Nehi, to many men who think that they are not the most handsome around, nor the most accomplished, nor the richest men, those pictures make you look attainable, someone within their price range. Dressed in a Going-to-a-Wedding outfit, standing beside a $45,000 auto you would cut your responses to honest men who could match that and a host of "Maybe-I-Can-Fleece-her" types. 

Now do as Laura says----Go thru all those responses, see if any of them are from men who look real and are someone you might want to put in your "possibles" basket. Then cull, cull, cull. 

Remember that culling is far more important for a woman than for a man. How many women here have gone half way across the country to meet a man and found that he was not what they thought. Some of those women lost everything. The man who engages a worthless woman can usually disengage with much less loss. 

Here's wishing you good hunting, but don't string a man along, then break his heart.
Ox


----------



## cindilu (Jan 27, 2008)

doingitmyself said:


> My interest is more in the fact you know how to use it that AA canner you got stashed. Your animal knowledge is interesting, and I do want to know if any of your goats are for eating? If not, would you consider raising some eatin goats? How 'bout chickens you got any eatin ones, or mostly layin ones? Do you have first hand knowledge of stills and their function? Can you p in the woods without being dramatic about it? Do you know about cows? Will you hand me nails,screws, boards, or a beer if I'm too busy building to break and get one for you and myself? These are important questions.....
> 
> The stats I'm interested in is how big of a herd are you planning, how far is the market?

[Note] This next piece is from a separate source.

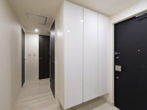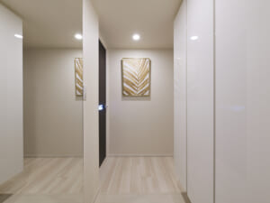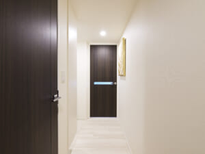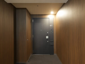 玄関はホテルライクな内廊下仕様となっており、木目長の壁が高級感もありつつ、やわらかい印象を演出してくれています。

How is the market for fresh eggs in your area?
> 
> ...



If a guy asked me those kind of questions I would become very interested in getting to know them much better. Those are the questions that make my head turn and take a second look.


----------



## nehimama (Jun 18, 2005)

I Honest-To-God was not fishing for compliments, or looking for approbation by starting this topic.:ashamed: Just trying my darndest to understand why a metrosexual in a suit & tie, with perfectly moussed & coifed hair & a manicure would show any interest at all in Granny Clampett's sister! :facepalm: 

Many viewpoints help, and I thank all of you for your thoughtful input. You've helped me to look at this in a whole different light.


----------



## nehimama (Jun 18, 2005)

doingitmyself said:


> My interest is more in the fact you know how to use it that AA canner you got stashed. Your animal knowledge is interesting, and I do want to know if any of your goats are for eating? If not, would you consider raising some eatin goats? How 'bout chickens you got any eatin ones, or mostly layin ones? Do you have first hand knowledge of stills and their function? Can you p in the woods without being dramatic about it? Do you know about cows? Will you hand me nails,screws, boards, or a beer if I'm too busy building to break and get one for you and myself? These are important questions.....
> 
> The stats I'm interested in is how big of a herd are you planning, how far is the market? How is the market for fresh eggs in your area?
> 
> ...


These are the kind of questions I like to answer, because I can joyfully and honestly shout, "YES!"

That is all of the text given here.